Managing Game Servers from My Phone with AMP

I run a few Minecraft servers for friends — Adventure Bros, Hollowpoint, Holocraft. They're managed through CubeCo AMP (Application Management Panel), which is a solid self-hosted game server platform. AMP has a web UI, but I wanted the same phone-first experience I built for my homelab services. So rather than make a whole new app, I added a second tab to Galaxy Lab.

What AMP Gives You

AMP runs each game server as an instance under a controller node, and it exposes a REST API for everything. Each running instance reports real-time metrics: CPU usage, memory usage against a configured limit, and active player count. You can also start, stop, and restart instances through the API — which is exactly what I needed.

The Game Servers Tab

The new tab authenticates against the AMP API on load, pulls the full instance list, and auto-refreshes every 10 seconds — tighter than the 30-second interval on the services dashboard, since game server state changes a lot faster than whether Grafana is reachable.

Each server card shows the instance name, game type, and current state (Running, Stopped, Starting, etc.).

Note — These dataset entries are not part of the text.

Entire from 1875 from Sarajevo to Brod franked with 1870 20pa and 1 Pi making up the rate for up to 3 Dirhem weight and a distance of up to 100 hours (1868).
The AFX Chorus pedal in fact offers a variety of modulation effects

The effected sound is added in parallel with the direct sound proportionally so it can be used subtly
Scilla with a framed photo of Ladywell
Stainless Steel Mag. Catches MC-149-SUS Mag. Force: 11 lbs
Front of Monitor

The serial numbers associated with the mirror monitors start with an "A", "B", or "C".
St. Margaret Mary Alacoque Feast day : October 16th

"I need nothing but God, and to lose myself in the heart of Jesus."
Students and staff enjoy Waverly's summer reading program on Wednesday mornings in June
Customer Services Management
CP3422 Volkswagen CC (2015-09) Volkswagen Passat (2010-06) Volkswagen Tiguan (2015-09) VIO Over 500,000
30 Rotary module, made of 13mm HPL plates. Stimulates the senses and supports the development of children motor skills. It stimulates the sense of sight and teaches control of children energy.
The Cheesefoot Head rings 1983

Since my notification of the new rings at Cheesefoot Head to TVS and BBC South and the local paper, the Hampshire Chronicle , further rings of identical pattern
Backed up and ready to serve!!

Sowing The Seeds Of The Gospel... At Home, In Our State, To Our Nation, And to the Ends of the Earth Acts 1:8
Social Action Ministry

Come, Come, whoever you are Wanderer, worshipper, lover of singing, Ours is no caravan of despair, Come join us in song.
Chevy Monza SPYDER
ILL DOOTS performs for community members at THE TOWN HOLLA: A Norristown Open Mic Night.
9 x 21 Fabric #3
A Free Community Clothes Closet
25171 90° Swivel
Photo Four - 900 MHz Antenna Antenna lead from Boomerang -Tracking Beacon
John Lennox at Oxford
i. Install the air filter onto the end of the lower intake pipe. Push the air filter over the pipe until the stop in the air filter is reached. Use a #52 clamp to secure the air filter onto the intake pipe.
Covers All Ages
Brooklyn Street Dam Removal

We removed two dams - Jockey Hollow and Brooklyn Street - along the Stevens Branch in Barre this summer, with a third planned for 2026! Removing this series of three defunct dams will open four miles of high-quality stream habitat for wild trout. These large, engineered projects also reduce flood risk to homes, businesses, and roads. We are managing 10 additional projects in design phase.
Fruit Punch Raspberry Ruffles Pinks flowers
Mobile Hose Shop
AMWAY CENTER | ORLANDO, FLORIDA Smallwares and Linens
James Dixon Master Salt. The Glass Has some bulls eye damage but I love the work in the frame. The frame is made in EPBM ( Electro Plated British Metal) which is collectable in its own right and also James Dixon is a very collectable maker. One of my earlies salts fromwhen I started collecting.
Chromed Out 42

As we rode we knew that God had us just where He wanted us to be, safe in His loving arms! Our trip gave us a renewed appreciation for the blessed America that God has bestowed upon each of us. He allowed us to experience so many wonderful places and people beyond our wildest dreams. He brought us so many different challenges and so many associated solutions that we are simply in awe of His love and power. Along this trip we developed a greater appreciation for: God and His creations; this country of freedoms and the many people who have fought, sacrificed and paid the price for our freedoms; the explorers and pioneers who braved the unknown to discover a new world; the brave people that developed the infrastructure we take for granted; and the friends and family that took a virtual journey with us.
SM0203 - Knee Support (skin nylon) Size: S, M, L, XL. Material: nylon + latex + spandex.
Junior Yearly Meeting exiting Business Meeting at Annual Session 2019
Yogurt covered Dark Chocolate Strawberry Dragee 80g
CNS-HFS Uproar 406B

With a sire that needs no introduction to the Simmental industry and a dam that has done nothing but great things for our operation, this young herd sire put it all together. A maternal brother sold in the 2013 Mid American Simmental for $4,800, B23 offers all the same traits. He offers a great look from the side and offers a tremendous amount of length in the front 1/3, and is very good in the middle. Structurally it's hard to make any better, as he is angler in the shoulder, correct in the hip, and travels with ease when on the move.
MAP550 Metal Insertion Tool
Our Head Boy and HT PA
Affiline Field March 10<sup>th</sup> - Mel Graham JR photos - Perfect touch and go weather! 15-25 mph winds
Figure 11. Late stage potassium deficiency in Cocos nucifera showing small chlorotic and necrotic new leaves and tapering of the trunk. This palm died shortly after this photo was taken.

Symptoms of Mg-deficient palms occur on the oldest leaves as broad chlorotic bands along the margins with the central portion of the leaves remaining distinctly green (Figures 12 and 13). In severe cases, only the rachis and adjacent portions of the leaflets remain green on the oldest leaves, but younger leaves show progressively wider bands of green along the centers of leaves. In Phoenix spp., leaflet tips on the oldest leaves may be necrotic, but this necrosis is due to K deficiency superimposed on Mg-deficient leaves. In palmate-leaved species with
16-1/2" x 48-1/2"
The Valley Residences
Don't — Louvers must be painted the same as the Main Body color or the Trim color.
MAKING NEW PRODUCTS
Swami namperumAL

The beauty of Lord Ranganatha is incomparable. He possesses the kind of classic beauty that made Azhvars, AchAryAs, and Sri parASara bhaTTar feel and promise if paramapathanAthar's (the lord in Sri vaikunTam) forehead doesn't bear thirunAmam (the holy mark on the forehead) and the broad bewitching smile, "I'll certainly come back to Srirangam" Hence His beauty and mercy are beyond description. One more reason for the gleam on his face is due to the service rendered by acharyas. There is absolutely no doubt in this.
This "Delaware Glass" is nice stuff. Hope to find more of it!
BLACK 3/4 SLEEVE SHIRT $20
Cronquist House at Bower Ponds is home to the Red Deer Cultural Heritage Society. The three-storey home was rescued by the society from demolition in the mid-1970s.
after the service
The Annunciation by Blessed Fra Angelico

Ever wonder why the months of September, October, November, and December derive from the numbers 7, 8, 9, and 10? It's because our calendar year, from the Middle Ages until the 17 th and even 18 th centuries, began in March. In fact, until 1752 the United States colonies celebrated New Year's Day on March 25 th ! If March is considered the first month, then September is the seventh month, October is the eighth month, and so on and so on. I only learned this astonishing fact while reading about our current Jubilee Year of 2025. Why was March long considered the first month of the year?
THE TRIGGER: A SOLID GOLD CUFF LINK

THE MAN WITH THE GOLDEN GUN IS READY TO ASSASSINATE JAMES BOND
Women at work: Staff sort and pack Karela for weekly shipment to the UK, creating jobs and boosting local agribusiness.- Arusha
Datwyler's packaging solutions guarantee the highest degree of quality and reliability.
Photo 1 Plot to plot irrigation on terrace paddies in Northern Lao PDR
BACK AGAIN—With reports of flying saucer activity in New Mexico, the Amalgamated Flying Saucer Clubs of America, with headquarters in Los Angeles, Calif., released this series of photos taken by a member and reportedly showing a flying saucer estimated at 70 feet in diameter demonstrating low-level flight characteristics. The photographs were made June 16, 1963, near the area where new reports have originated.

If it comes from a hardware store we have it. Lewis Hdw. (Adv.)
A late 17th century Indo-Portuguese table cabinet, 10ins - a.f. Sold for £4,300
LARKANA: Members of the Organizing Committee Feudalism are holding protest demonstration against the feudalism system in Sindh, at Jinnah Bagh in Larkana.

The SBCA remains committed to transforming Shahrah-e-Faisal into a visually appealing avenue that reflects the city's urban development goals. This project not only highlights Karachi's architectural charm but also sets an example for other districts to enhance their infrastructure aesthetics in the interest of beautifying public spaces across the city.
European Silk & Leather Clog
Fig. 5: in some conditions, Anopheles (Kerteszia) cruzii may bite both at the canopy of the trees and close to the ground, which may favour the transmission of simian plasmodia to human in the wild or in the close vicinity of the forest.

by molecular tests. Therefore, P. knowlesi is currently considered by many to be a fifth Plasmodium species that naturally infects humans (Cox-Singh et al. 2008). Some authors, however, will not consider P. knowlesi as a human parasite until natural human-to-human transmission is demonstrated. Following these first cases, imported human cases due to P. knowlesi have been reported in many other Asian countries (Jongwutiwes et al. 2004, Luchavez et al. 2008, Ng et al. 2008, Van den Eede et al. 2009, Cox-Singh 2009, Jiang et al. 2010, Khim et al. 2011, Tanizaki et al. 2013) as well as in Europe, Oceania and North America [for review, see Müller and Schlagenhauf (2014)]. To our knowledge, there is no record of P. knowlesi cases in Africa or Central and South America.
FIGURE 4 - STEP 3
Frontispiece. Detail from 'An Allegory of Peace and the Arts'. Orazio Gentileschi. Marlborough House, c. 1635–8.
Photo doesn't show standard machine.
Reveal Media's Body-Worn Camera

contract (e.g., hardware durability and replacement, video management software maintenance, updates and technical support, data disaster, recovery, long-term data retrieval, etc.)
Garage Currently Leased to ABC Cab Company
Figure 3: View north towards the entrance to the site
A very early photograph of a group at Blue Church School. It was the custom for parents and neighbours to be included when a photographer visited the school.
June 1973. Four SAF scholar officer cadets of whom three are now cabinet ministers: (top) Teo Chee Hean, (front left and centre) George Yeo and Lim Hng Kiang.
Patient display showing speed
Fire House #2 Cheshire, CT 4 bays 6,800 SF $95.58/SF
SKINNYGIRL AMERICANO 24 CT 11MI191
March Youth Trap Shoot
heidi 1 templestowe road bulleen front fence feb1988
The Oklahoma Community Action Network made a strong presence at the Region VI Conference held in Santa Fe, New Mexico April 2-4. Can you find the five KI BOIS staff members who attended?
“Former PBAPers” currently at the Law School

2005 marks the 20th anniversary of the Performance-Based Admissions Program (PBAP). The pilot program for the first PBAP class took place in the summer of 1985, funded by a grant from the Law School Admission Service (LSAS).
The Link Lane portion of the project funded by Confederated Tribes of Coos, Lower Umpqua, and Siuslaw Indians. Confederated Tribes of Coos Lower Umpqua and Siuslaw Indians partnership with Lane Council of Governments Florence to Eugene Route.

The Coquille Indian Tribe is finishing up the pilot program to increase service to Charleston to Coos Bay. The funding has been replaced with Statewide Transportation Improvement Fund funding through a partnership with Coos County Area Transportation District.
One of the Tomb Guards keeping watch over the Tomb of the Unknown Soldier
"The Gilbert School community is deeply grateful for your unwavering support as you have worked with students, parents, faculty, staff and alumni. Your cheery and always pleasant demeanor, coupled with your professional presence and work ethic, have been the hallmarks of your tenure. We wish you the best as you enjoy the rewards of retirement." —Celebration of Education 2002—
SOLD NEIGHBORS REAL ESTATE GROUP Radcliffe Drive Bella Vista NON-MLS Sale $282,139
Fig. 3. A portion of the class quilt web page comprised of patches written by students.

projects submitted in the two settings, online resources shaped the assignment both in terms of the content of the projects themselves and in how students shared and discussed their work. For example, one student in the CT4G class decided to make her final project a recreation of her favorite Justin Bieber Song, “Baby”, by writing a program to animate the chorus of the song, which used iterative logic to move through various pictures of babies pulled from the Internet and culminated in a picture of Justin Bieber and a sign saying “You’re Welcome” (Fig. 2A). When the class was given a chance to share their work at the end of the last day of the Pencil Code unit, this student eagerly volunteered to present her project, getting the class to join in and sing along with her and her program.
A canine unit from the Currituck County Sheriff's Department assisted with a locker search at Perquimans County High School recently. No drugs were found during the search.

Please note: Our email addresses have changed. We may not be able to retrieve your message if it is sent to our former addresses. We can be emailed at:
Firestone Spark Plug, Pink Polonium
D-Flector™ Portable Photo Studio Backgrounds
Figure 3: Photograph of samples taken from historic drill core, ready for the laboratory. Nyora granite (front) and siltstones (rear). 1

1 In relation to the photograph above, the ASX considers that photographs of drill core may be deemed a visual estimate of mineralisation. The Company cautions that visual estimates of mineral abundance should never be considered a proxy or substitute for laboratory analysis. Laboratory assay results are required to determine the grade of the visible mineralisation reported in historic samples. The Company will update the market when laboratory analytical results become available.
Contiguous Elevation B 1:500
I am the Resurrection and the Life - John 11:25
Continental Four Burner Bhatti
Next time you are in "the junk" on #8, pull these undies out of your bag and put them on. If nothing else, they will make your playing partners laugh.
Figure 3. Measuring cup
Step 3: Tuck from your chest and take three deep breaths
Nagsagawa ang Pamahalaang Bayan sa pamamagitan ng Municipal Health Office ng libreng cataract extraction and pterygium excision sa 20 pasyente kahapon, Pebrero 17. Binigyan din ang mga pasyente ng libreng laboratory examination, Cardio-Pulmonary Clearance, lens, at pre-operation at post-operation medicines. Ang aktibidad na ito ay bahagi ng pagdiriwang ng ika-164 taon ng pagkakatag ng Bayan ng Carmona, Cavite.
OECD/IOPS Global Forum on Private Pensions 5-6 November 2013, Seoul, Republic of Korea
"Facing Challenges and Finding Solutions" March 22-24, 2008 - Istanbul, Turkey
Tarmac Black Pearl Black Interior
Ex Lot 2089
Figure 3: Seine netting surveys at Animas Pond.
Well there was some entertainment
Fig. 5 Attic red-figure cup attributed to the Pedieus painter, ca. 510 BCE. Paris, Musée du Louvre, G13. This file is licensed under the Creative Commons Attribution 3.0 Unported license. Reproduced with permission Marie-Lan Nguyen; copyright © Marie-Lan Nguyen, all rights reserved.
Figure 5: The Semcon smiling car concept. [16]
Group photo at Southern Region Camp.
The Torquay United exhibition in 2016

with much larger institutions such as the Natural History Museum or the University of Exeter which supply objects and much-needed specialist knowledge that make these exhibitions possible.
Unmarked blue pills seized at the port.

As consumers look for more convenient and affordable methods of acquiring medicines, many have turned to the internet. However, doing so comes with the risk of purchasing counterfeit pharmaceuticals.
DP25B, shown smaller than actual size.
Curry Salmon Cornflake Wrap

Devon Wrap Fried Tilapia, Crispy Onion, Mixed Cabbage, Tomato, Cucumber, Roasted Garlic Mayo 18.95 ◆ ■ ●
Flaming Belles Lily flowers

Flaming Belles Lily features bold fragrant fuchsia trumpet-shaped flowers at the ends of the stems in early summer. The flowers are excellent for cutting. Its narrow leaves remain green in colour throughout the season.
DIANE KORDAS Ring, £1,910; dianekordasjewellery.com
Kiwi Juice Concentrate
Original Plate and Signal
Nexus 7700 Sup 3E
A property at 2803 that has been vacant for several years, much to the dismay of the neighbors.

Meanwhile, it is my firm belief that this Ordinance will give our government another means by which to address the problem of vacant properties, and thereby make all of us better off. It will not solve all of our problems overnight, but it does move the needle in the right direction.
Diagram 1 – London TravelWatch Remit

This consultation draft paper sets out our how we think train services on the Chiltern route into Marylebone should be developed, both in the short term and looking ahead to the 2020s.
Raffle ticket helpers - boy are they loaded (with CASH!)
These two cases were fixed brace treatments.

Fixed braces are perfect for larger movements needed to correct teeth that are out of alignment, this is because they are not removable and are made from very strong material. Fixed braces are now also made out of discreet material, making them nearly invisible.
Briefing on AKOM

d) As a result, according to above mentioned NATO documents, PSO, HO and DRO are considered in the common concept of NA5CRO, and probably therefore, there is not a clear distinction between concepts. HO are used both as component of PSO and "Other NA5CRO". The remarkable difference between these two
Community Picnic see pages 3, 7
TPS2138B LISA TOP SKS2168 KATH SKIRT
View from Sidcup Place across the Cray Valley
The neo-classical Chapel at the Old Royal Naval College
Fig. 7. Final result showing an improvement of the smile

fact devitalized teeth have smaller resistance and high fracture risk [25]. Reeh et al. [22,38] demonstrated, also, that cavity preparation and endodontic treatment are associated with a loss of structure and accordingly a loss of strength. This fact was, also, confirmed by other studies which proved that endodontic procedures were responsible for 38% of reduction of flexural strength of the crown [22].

While a server is running you get live metric bars for CPU, memory, and player count, color-coded from green to yellow to red as load climbs. Disk usage shows up underneath. At the bottom of each card are action buttons — Start when the server is stopped, Restart and Stop when it's running — with a spinner while the action is in flight. If the AMP session expires in the background, the app re-authenticates silently before retrying.

Getting It Reachable

The AMP management panel runs on a private IP, so to reach it from my phone without a VPN I routed it through the same Traefik setup that fronts everything else in the lab. The one detail: the DNS entry needed to be set to grey cloud in Cloudflare (DNS-only, no proxy) so API calls from the app get through cleanly. AMP handles its own authentication, so no additional auth layer was needed on top.

What's Next

This is a solid v1. On the list for future improvements: push notifications when a server goes down unexpectedly, a view of who's currently online, and maybe a peek at server console output for quick diagnostics. For now though, having live metrics and one-tap controls in my pocket has been a genuine quality-of-life improvement — especially when a friend messages asking why the server is down.